The opportunity to capture the sentiment of the general public about social events, political movements, company strategies, marketing campaigns, and product preferences has raised growing interest both within the scientific community, leading to many exciting open challenges, as well as in the business world, due to the remarkable benefits of marketing prediction. However, the distillation of knowledge from such a large amount of unstructured information is so difficult that hybridizing different methods from complementary disciplines facing similar challenges is a key activity.
Various Natural Language Processing (NLP) techniques have been applied to process texts to detect subjective statements and their sentiment. This task is known as sentiment analysis, and overlaps with opinion mining. Sentiment analysis over social media faces several challenges due to informal language, uncommon abbreviations, condensed text, ambiguity, illusive context, etc. Much work in recent years focused on investigating new methods for overcoming these problems to increase sentiment analysis accuracy over Twitter and the other social networks [5].
Mining opinions and sentiments from natural language involves a deep understanding of most of the explicit and implicit, regular and irregular, syntactical and semantic rules proper of a language. Existing approaches mainly rely on identifying parts of text in which opinions and sentiments are explicitly expressed such as polarity terms, affect words and their co-occurrence frequencies. However, opinions and sentiments are often conveyed implicitly through latent semantics, which make purely syntactical approaches ineffective [6].

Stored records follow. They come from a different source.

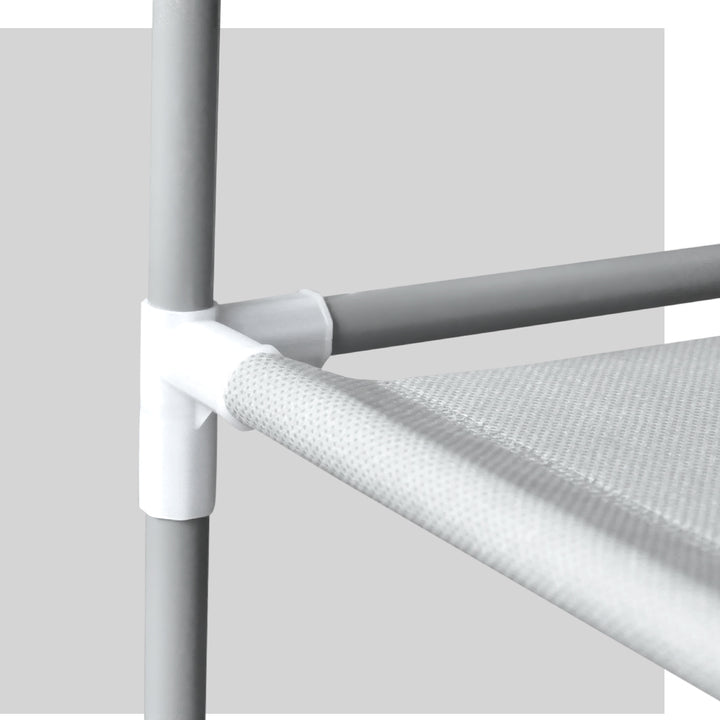 The non-slip shelves are fully adjustable, accommodating various shoe sizes—from sneakers to sandals—while the sturdy construction, featuring durable steel tubes and resin siding connectors, ensures long-lasting use. This lightweight rack can be customized to your needs, allowing you to build it into any number of levels.
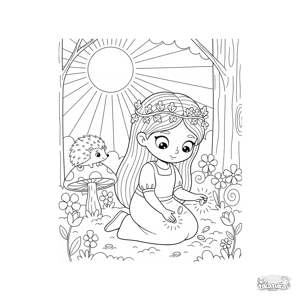 Página para colorir para crianças 4-6: uma princesa da floresta plantando sementes brilhantes em um jardim iluminado pela lua. Um ouriço curioso a observa.
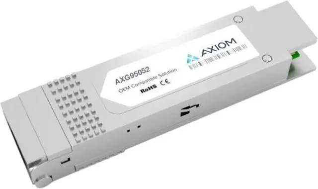 Axiom SFP+ Transceiver Modules are 100% compatible in all OEM applications They are pre-configured with an application specific code to meet the requirement set forth by the router and switch OEMs Axiom compatible transceivers perform fit and function identically when compared to Original Transceivers Axiom brand transceivers also function with other brands within the same network 100% Compatibility in all OEM applications Part number and unique product serialization Eliminates any network communication conflicts and provides easy identification Fully compliant with the multi-sourcing agreement (MSA) which enables them to work in all MSA compliant platforms Application/Usage Optical Network Application/Usage Data Networking Product Type SFP+ Interfaces/Ports Details 1 x 10GBase-LR Product Type SFP+ Compatibility MSA Compliant Manufacturer Part Number AXG95052 Interfaces/Ports Details 1 x LC 10GBase-LR Network Limited Lifetime Network Technology 10GBase-LR Manufacturer Axiom Memory Solutions Product Name Mellanox SFP+ Module Network Technology 10GBase-LR Brand Name Axiom Brand Name Axiom Ethernet Technology 10 Gigabit Ethernet Media Type Supported Optical Fiber TAA Compliant Yes Yes Environmental Certification RoHS Ethernet Technology 10 Gigabit Ethernet Media Type Supported Optical Fiber Fiber Mode Supported Single-mode TAA Compliant Yes
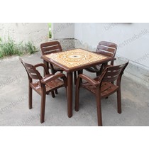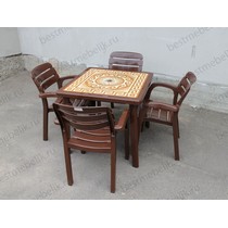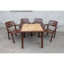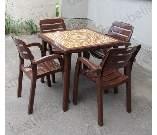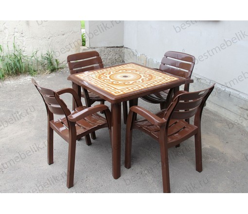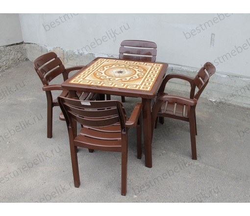 Набор пластиковой мебели стол квадратный Греческий орнамент и 4 кресла Далгория (шоколад)

To this end, concept-level sentiment analysis aims to go beyond a mere word-level analysis of text and provide novel approaches to opinion mining and sentiment analysis that allow a more efficient passage from (unstructured) textual information to (structured) machine-processable data, in potentially any domain. Indeed, semantics can play an important role in enhancing our ability to accurately monitor sentiment over social media with respect to specific concept and topics. For example, using semantics will enable us to extract and distinguish sentiment about, say Berlusconi, in politics, business, criminal investigations, soccer, or for different events that involve him. When moving from one context to another, or from one event to another, opinions can shift from positive to negative, or neutral.
Semantics can capture this evolution and differentiate its results accordingly, whereas most existing sentiment analysis systems provide an analysis that can be too coarse-grained, due to missed contextualization.
Concept-level sentiment analysis focuses on a semantic analysis of text through the use of web ontologies or semantic networks, which allow the aggregation of conceptual and affective information associated with natural language opinions. By relying on large semantic knowledge bases, concept-level sentiment analysis steps away from blind use of keywords and word co-occurrence count, but rather relies on the implicit features associated with natural language concepts [4].
It has been proved that the quality of sentiment analysis algorithms improves when considering semantic features [8, 12, 18]. The natural direction is therefore to provide existing sentiment analysis systems and algorithms based on machine learning techniques with semantic capabilities in order to increase their accuracy.
The Concept-level sentiment analysis challengeFootnote 1 has provided breeding ground for this process. In particular, the challenge has focused on the introduction, presentation, and discussion of novel approaches to concept-level sentiment analysis. Participants had to design a concept-level opinion-mining engine that exploited common-sense knowledge bases, e.g., SenticNetFootnote 2, and/or Linked Data and Semantic Web ontologies, e.g., DBPediaFootnote 3, to perform multi-domain sentiment analysis.
Submitted and accepted systems had a semantics flavor (e.g., by making use of Linked Data or known semantic networks within their core functionalities) and authors showed how the introduction of semantics could be used to obtain valuable information, functionality or performance. Some of the submitted systems were based on natural language processing methods and statistical approaches and the authors pointed out how the embedded semantics played a main role within the core approach (engines based merely on syntax/word-count have been excluded from the challenge).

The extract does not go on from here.